Huta menyimak dengan raut bingung.
"Sebuah hubungan dibangun oleh dua orang untuk saling mendukung, menguatkan dan mengingatkan. Tapi, hubungan Kakak dan Bang Lian jauh dari ketiga hal tadi. Abangmu jarang mendukung kegiatan Kakak dan Kakak pun dibilang tidak becus menguatkan Abangmu. Pun dalam urusan mengingatkan, kami tidak bisa sama-sama mengingatkan karena dasar hidup kita berbeda. Harusnya kamu paham itu, Dik!" jelasku.
Huta nampak terkejut saat mendengar penjelasan terakhirku.
"Kamu tahu Kakak dan kalian berlainan iman. Mungkin untuk urusan duniawi kita memang satu visi, tapi untuk urusan iman? Kita berbeda. Itu yang sebenarnya membuat Kakak memilih mundur," kataku lagi.
"Kenapa baru sekarang Kakak bilang begini? Dan, kenapa dulu Kakak sepakat untuk berpacaran dengan Abang? Padahal, kalian berdua juga sama-sama tahu kalau kita beda agama!" ketus Huta merespons.

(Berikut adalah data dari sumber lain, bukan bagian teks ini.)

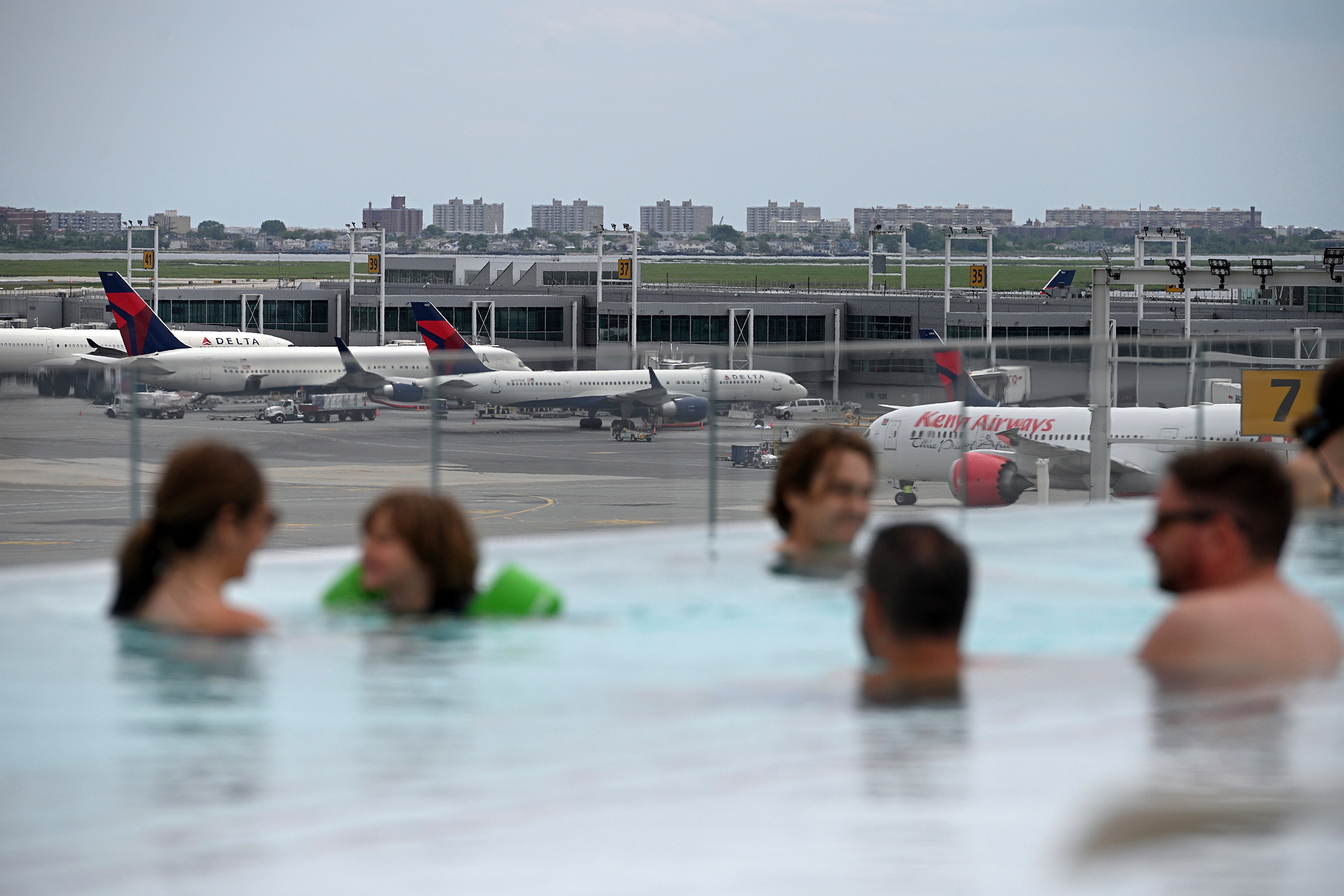 Also, the rooftop pool at the TWA Hotel constantly smells like jet fuel, so maybe indoors is best.

Aku kelagepan. Seingatku, aku dan Julian menyepakati sebuah ikatan tanpa "tapi" dan "karena". Kami mengedepankan naif dan mengabaikan kenyataan bahwa kami akan sulit menjadi "kita".Â
Kami sama-sama menghanyutkan diri dalam arus ketidakmungkinan. Walau ujungnya, kami harus berpisah karena perbedaan tabiat dalam bertindak dan menjadikan perbedaan iman sebagai alibi paling aman saat ditanya alasan berpisah oleh orang terdekat dan kawan-kawan. Sebuah perpisahan yang telah terprediksi sedari awal kami sah sebagai "kita" yang berakhir fana.
"Kenapa, Kak?" tanya Huta makin ketus.
"Karena...." belum sempat aku menjawab, Huta menyela.
"Kalian berdua batu!" katanya yang lantas meninggalkanku sendirian di depan ruang ICU.